Mr. Schettino seems to miss the 19th century grit of his Titanic colleague who went down with the ship. He was not at the helm, despite ordering a deviation from the ship's course. He was supposed to stay with his ship; He says he tripped and fell into a life boat while hundreds were still on board. 

The 117,000-ton Costa Concordia slammed into rocks two hours into a seven-day Mediterranean cruise while passengers were eating dinner at 9:30 p.m. The $450 million vessel, part of the Carnival Cruise Lines fleet, is a theme park on top of a luxury hotel. When it hit the rocks, a magic show was playing. 

Now underwater footage of the ship’s corridors show the detritus of tablecloths, suitcases, and toys swirling in the watery ether. At least 11 people are dead and at least 20 are still missing. 

This is the reality version of Gilligan’s Island, where Ginger and the professor intended to go for only a “three-hour cruise” on the S.S. Minnow. Part of the story's fascination is that it could seemingly happen to anyone. 

'Go on board!'

In this case, Schettino's disconnection from and denial of the tragedy is a main story line.
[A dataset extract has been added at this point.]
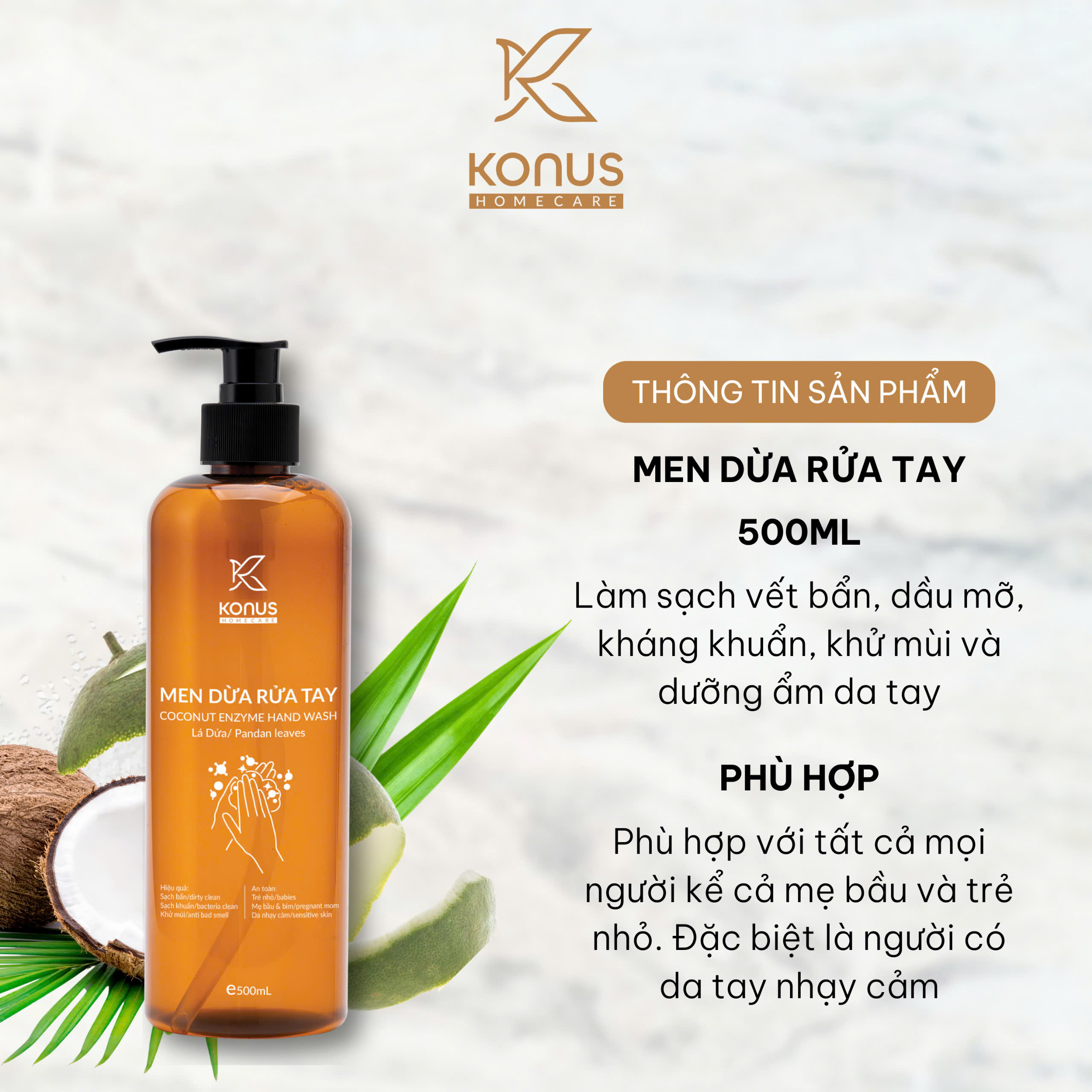 Enzyme Rửa Tay được sản xuất có chứa 85% nông sản Việt thành phần chính là Enzyme dừa. Enzyme dừa là nước dừa lên men bằng hệ vi sinh vật trong quá trình chế biến dừa tại Bến Tre. Với bản chất là axit hữu cơ kết hợp với các các liệu pháp dân gian sử dụng như nước tro dừa, nước chiết lá dứa, muối bùn… giúp làm sạch và giữ ẩm da tay. An toàn cho trẻ nhỏ và người có da tay nhạy cảm.

He maintains he is a captain who did get the boat close to shore and who otherwise is described as having a fine career. 

Reports have Schettino sailing close to the island either to show off the liner to the family of the Costa's head waiter, who is from the island, or to salute a former cruise ship captain. 

The Italian judge who put Schettino under house arrest said she found “serious indications” of guilt. 

The captain has since gone through what is described in politics as a series of “fact-free” moments: An electrical problem is to blame, the port authorities were told the situation was under control, the captain left the boat along with much of the crew. The captain seemed to think, despite the ship being on its side, that he could talk his way out of an actual crisis. 

In a set of extraordinary radio communications, Italian Coast Guard Capt. Gregorio De Falco, apoplectic with anger that Schettino has left the boat, urges him to go back and take command. That radio exchange has become one of the great moral moments of the incident.

Mr. De Falco indicated he didn't care that it was dark or that the boat is on its side. According to audio transcripts confirmed by Corriere della Sera, he told Schettino, “You go up that pilot ladder, get on that ship, and tell me how many people are still on board.… You need to tell me if there are children, women, or people in need of assistance. … Go on board, [expletive]!,” he says. As Schettino hesitates, De Falco says, “It has been an hour that you have been telling me the same thing. Now, go on board. Go on board!”

Thousands are now wearing T-shirts that read (minus the expletive) “Go on board!”  The Coast Guard captain is being called the real hero.

A continent searching for leaders

Italians have just replaced former Prime Minister Silvio Berlusconi, a leader not known for his assidous leadership. For many of them, the Concordia lying on its side is a symbol of a country still somewhat adrift from a debt crisis and longtime leader mired in scandal.

"We had just come out of the tunnel of Bunga Bunga," writes blogger Caterina Soffici on Il Fatto Quotidiano and quoted in the Guardian. "We were just drawing that little, relieved breath that would enable us to toil again up the hill to international credibility. But [now] … We've gone straight into the Titanic nightmare [and] Italy is once again the laughing stocking of foreign newspapers."

The crisis of leadership extends beyond Italy and has been written about extensively – and the Concordia is a good metaphor. The glamorous euro is in crisis, breached on rocky shoals of Greece, Portugal, and Italy. For two years, European captains have equivocated about what to do as the ship lists, taking on more water. 

Historians are still writing about the larger meaning of the Titanic, 100 years later. In 1910, just before the "unsinkable" symbol of man's mastery of the oceans sank, Virginia Woolf wrote, “human nature changed.” The behavior of the Titanic crew – the mistakes, the sinking – have been read almost as a cultural Rorschach, describing the beginning of modernity and an "age of anxiety" and questions about old Anglo-Saxon presumptions of dominance, among many others.